А значит, из вдохновляющих путеводных звезд превращались в ненавистные пугала.
Тогда что? И вправду европейско-американский личный успех?
Тогда не надо громких слов, тогда мы – не цивилизация, а воистину лишь довольно-таки уродливый и отсталый, никак не могущий примириться с реальностью аппендикс Европы. И надо кончать болтать и со смирением и благодарностью за то, что нас не гонят, а учат уму-разуму, пристраиваться к ним в хвост.

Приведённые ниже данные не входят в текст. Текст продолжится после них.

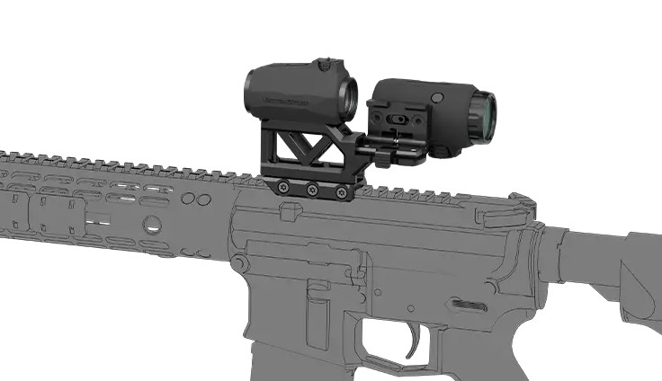 Looking for a universal optic setup that lets you switch seamlessly from close-quarters to mid-range targets? Want a compact red dot sight with a 3 MOA dot and the option to add instant magnification with a flip-to-side magnifier? Or perhaps you need a lightweight and rigid optic mount that saves rail space while maintaining perfect alignment? Then the Maverick combo from Vector Optics is exactly what you need. The Maverick 1x20 red dot provides fast, parallax-free aiming with a 3 MOA dot and 10 brightness levels. Its side-loading battery tray allows for battery replacement without re-zeroing. The Maverick 3x22 magnifier delivers sharp 3x magnification, features a rubber-coated housing, and includes a Flip-to-Side quick-detach mount for instant transition. Both optics are made from aircraft-grade 6061-T6 aluminum and sealed for water resistance. All lenses are FMC coated for maximum clarity. Mounted together on the HYDRA-type one-piece RIS base, they maintain perfect alignment and an optimal aiming height of 57.4 mm.
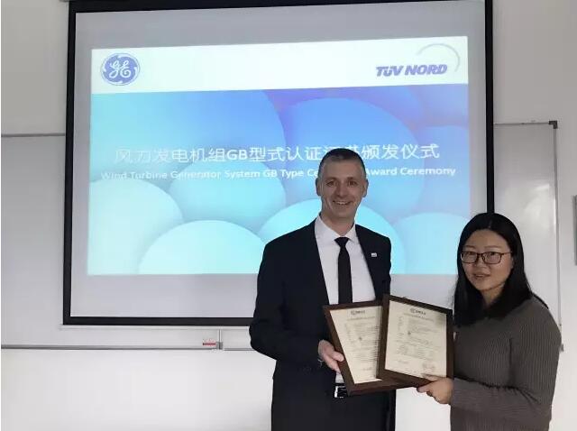 TüV北德全球新能源事業(yè)部執(zhí)行副總裁Michael Dham先生為GE頒發(fā)風(fēng)力發(fā)電機(jī)組GB型式認(rèn)證證書
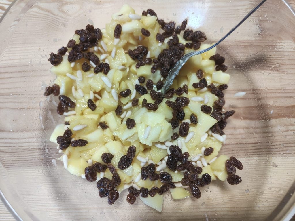 In a bowl, combine the chopped apples, pine nuts, Erythritol (instead of sugar), and the raisins soaked in Rum for perfect aroma.
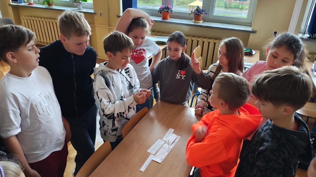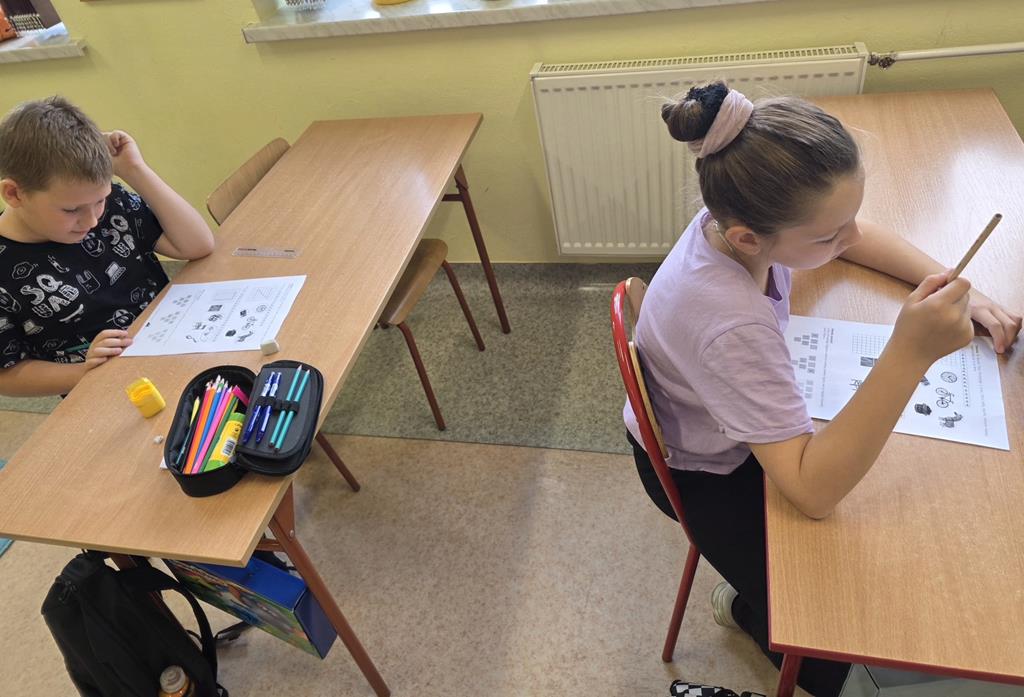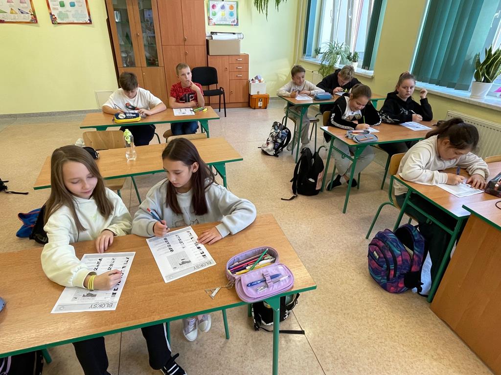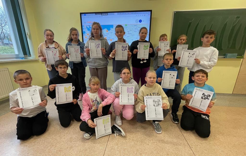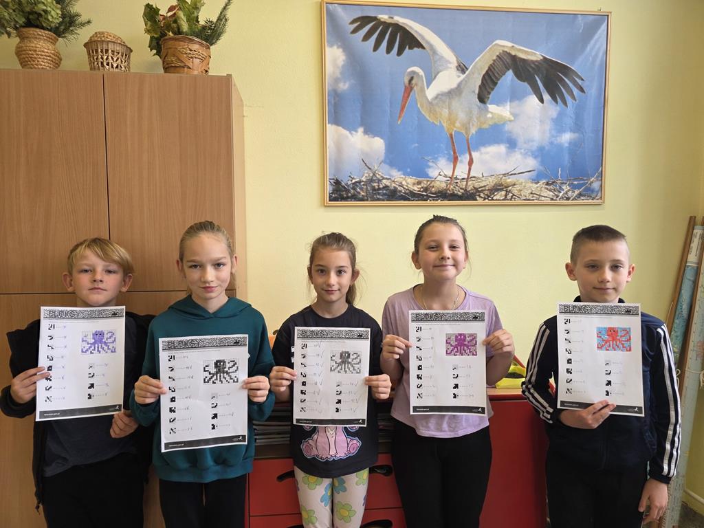 Uczniowie klasy czwartej uczestniczyli w nietypowej lekcji powtórzeniowej z matematyki, podczas której utrwalali wiadomości z działu: „Liczby i działania” rozkodowując dobrymi wynikami obrazek ukryty na planszy. Na lekcji przyrody natomiast rozszyfrowywali warunki pogodowe z zakodowanych raportów, a następnie sami przedstawiali w formie kodu wybrane przez siebie zjawiska atmosferyczne
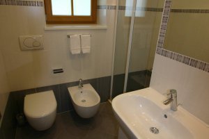 - Bagno con finestra, doccia, WC, bidè e lavabo
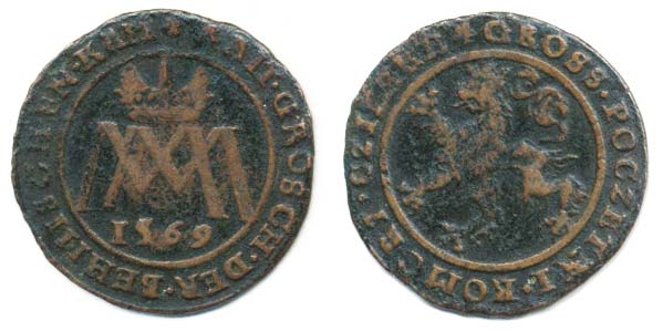 Početní groš 1569, K.Hora-Šatný, Mrš.17, J.16d, Don.1376

Но почему же именно Россия и вправду всегда будто кость в горле у любого, кто прет в мировые господа? Почему именно она из века в век костьми ложится на рельсы, чтобы преградить ему комфортабельный путь к людоедской победе – и именно ее потом раз за разом несут по всем кочкам за то, что господства якобы ищет именно она?
И почему тот, кто принимает идеал личного успеха, так быстро и безоговорочно начинает восприниматься здесь чужаком? Отступником? И почему сам он, стоило уверовать в эту рогатую звезду, начинает ненавидеть свою страну? Личный успех выколачивает из презренной Отчизны, а живет где подальше, ибо тут ему, видите ли, ад и гной?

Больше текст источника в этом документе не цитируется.